[Start of section]
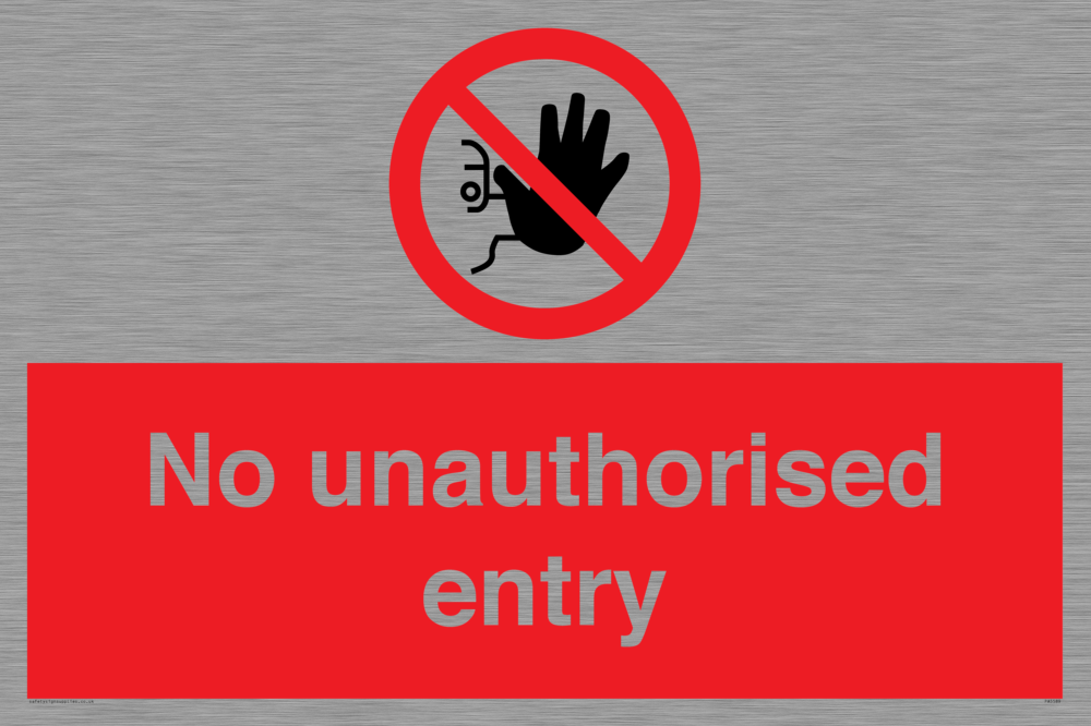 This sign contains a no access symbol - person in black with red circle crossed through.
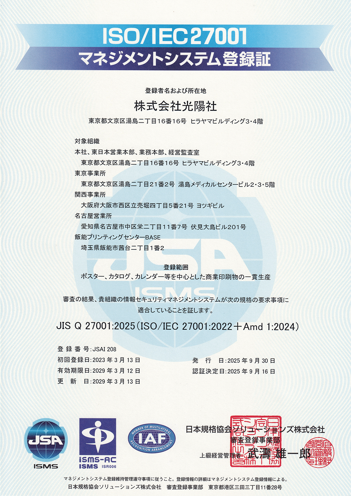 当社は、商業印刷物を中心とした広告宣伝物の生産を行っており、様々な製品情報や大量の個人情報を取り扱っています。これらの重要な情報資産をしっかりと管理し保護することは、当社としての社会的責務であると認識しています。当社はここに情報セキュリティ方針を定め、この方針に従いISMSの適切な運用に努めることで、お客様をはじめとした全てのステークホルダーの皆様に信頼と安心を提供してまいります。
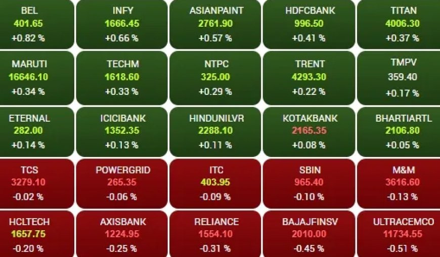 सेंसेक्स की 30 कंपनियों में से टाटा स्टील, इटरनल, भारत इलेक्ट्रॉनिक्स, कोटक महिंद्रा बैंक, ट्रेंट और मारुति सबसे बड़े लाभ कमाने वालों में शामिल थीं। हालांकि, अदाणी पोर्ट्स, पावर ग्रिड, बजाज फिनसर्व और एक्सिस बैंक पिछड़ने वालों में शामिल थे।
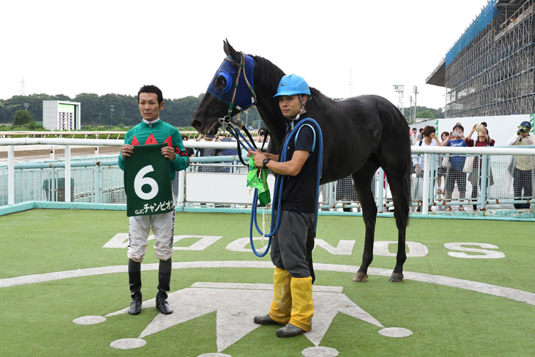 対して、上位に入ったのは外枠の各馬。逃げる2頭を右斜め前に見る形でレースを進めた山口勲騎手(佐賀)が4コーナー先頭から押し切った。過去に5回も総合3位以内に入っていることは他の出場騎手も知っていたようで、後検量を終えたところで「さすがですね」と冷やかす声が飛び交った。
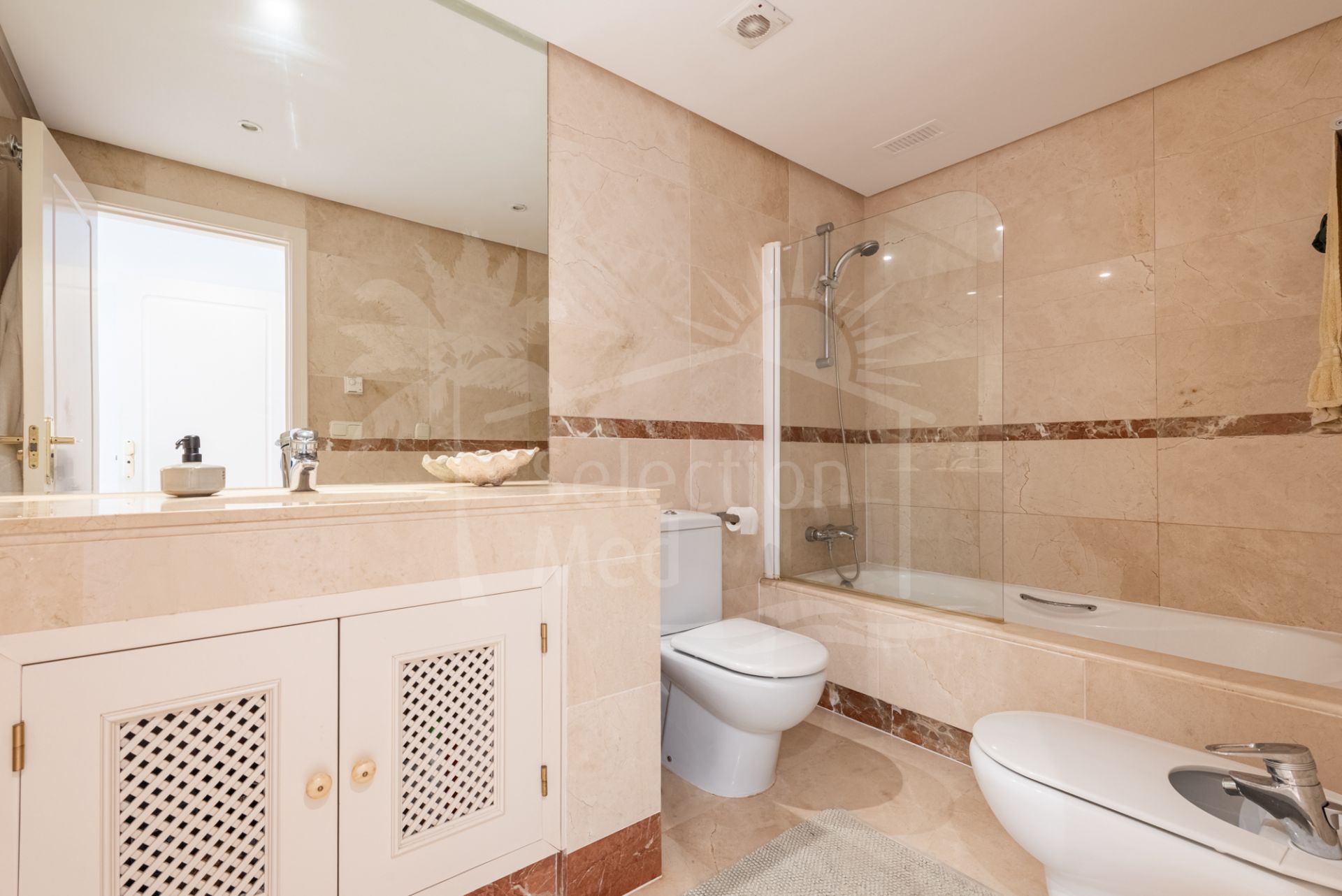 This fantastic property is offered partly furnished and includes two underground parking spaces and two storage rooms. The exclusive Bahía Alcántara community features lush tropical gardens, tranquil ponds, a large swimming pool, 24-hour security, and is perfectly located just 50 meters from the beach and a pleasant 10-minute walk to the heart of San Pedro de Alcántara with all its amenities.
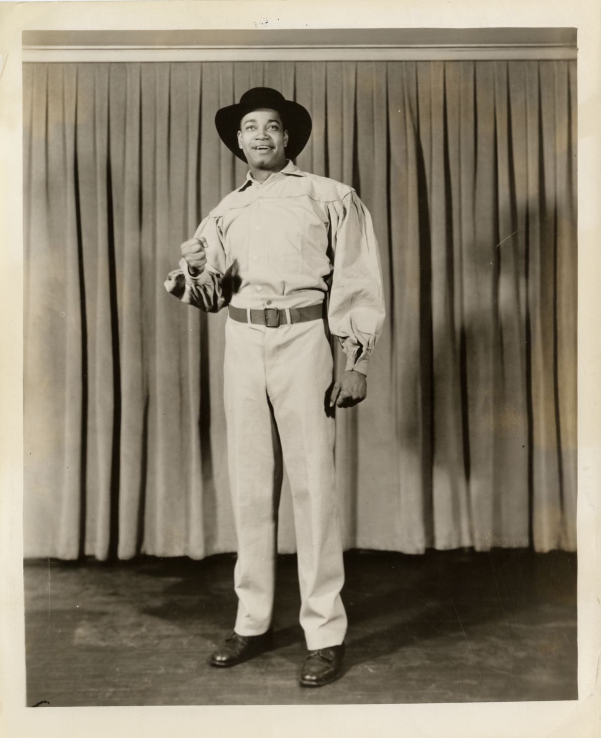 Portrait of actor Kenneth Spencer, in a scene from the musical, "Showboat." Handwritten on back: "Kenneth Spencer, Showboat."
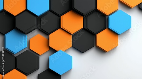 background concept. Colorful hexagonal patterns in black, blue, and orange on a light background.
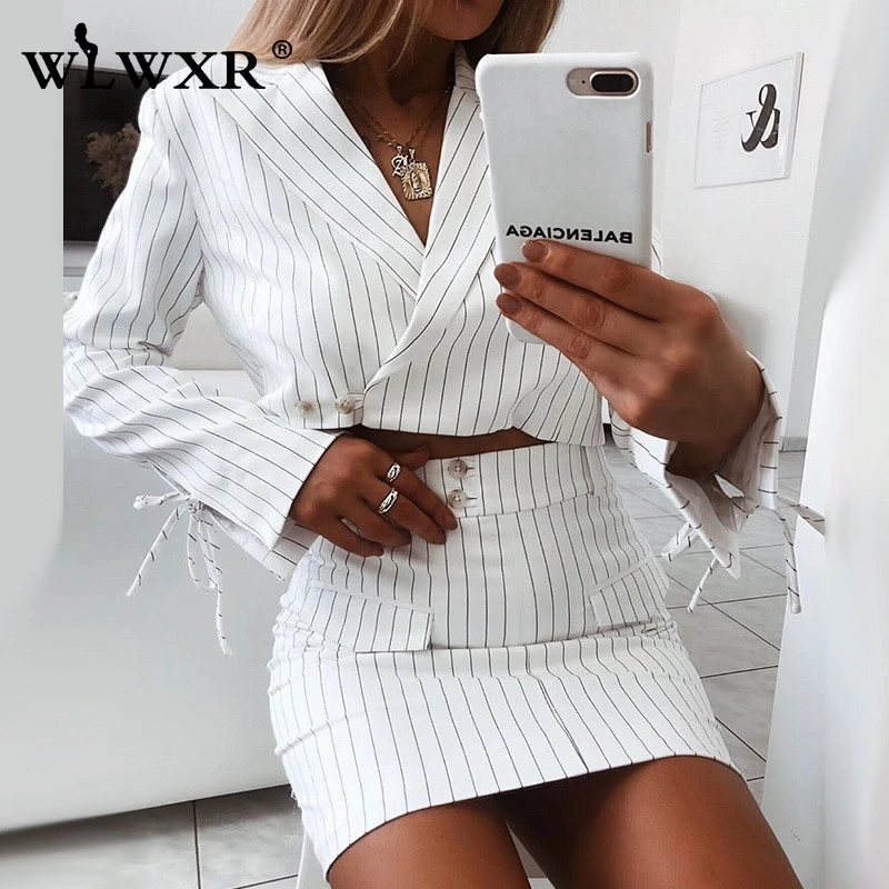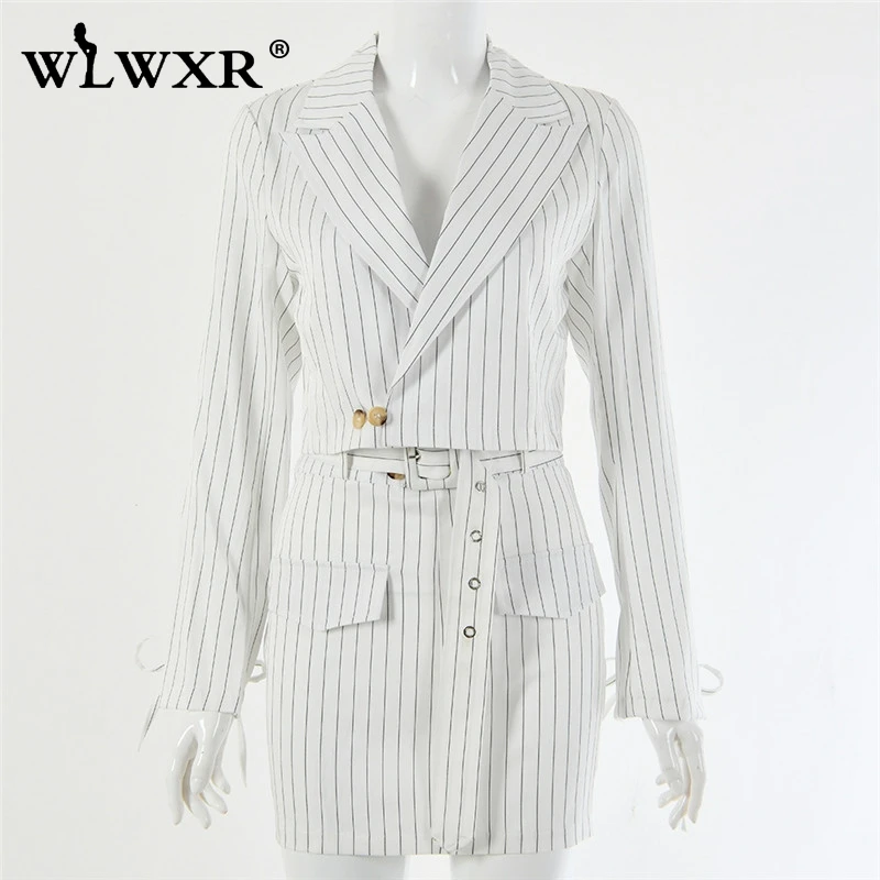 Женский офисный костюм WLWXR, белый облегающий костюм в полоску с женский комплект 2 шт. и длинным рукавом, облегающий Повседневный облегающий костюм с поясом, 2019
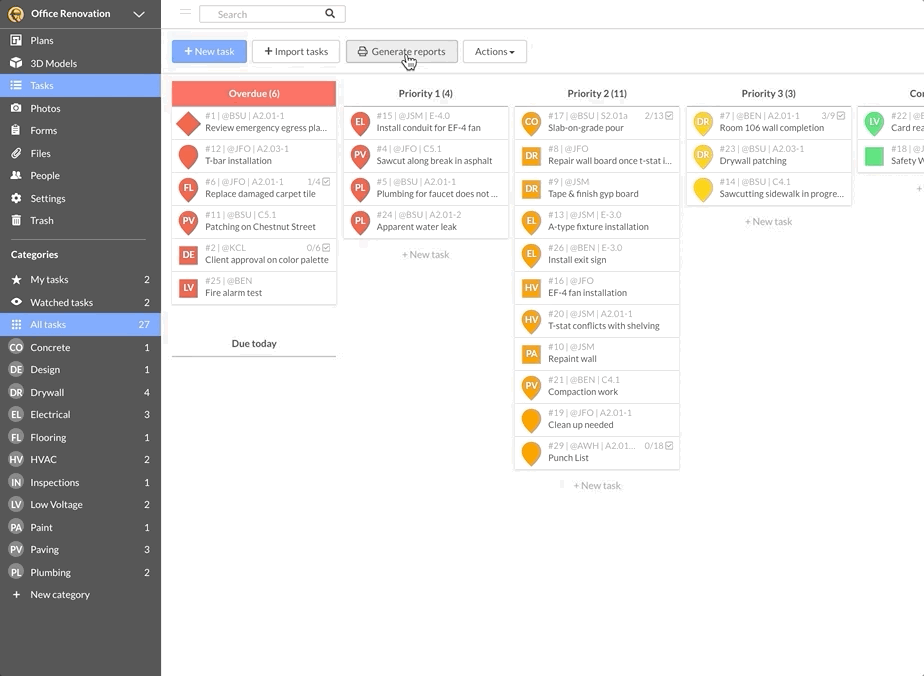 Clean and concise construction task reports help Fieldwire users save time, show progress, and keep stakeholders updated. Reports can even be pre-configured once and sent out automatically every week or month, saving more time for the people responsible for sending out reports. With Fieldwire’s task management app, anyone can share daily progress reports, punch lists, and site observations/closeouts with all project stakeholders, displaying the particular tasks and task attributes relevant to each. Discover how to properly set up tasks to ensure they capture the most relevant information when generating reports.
[End of section]
- PROBLEM
Quote exactly, and only, the lines from the one containing "Женский офисный костюм" through the last line of the records above, both included; leave out any pictures.

- WRITTEN REPLY
 Женский офисный костюм WLWXR, белый облегающий костюм в полоску с женский комплект 2 шт. и длинным рукавом, облегающий Повседневный облегающий костюм с поясом, 2019
 Clean and concise construction task reports help Fieldwire users save time, show progress, and keep stakeholders updated. Reports can even be pre-configured once and sent out automatically every week or month, saving more time for the people responsible for sending out reports. With Fieldwire’s task management app, anyone can share daily progress reports, punch lists, and site observations/closeouts with all project stakeholders, displaying the particular tasks and task attributes relevant to each. Discover how to properly set up tasks to ensure they capture the most relevant information when generating reports.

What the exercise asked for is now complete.